Jose N. Vazquez Figueroa blames “mental fatigue” for his missing a hearing in his own lawsuit challenging state Rep. Dan Raulerson‘s re-election this year.

Vazquez (via Facebook)

Vazquez may have even more on his mind: The Florida Elections Commission now is suing him for unpaid fines levied for campaign finance reporting irregularities from his unsuccessful 2014 campaign.

“Something’s wrong in Tallahassee,” he said in a Monday morning phone interview. “I don’t know whether they have something against candidates of the Democratic party or something against Hispanics or something against Jose Vazquez.”

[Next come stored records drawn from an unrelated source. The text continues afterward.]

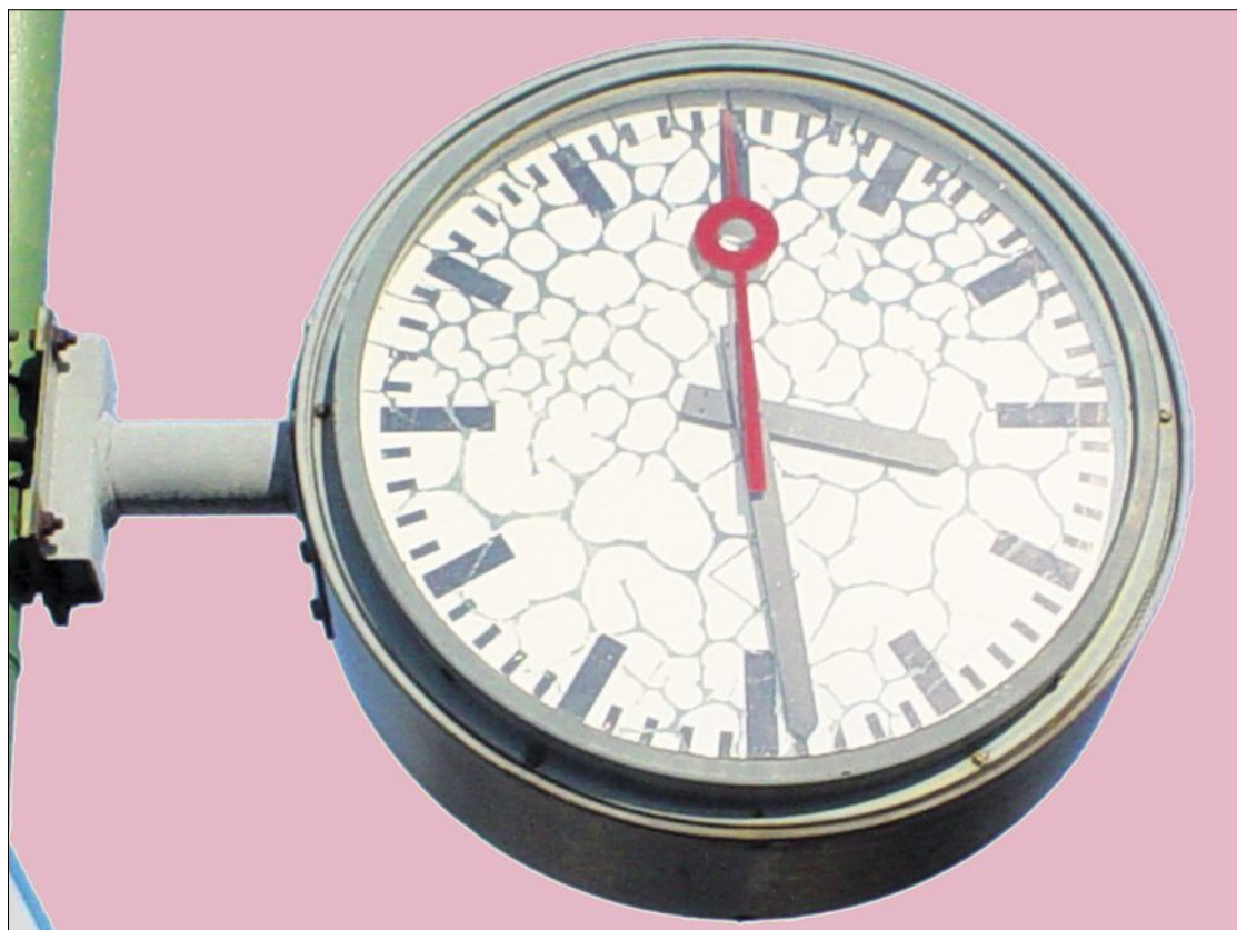
«Un buon collaboratore non guarda l'orologio», è quanto si sente dire spesso sul posto di lavoro nel nostro settore. Solo che l'orario di lavoro è regolato nel contratto collettivo CCNL ed è quindi per tutti obbligatorio.
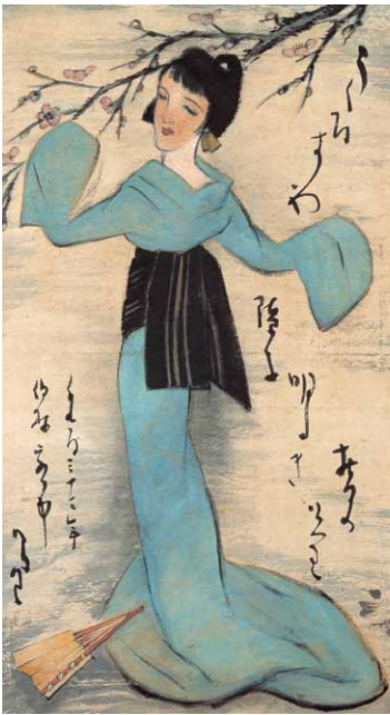
うぐいすや (留米客中) 昭和7~8年
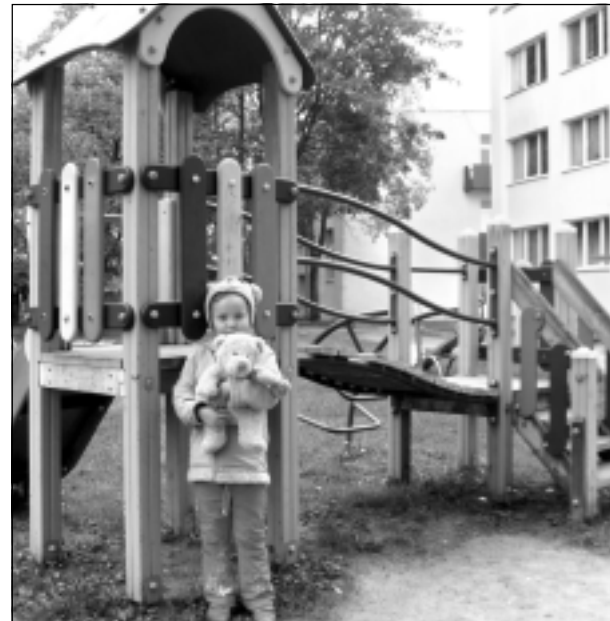
Madara. Iesūtīja Leontīna Dukaļska no Balviem.

Vazquez, who is representing himself, is seeking to disqualify Raulerson, a Plant City Republican, from his House District 58 seat. Vazquez was his unsuccessful Democratic opponent.

The suit says Raulerson’s notary had incorrectly used “correction fluid” on his filing paperwork. The state’s notary manual says no correction fluid of any kind is allowed on notarized documents.

Specifically, Vazquez has said Raulerson’s notary “improperly completed” his paperwork by whiting out the date on her notarization of his financial disclosure, changing it from an April to a June date.

He sued Hillsborough County Supervisor of Elections Craig Latimer; Secretary of State Ken Detzner, the state’s chief elections officer; and Kristi Reid Bronson, records bureau chief for the Division of Elections, faulting all of them for not catching the error and allowing Raulerson to run in the first place.

But Vazquez missed a hearing last Wednesday in which he was supposed to explain why he should win his suit based on his initial filings.

He told he was “fatigued” and distracted by family problems and simply got his dates confused. He said he is going to request another hearing date.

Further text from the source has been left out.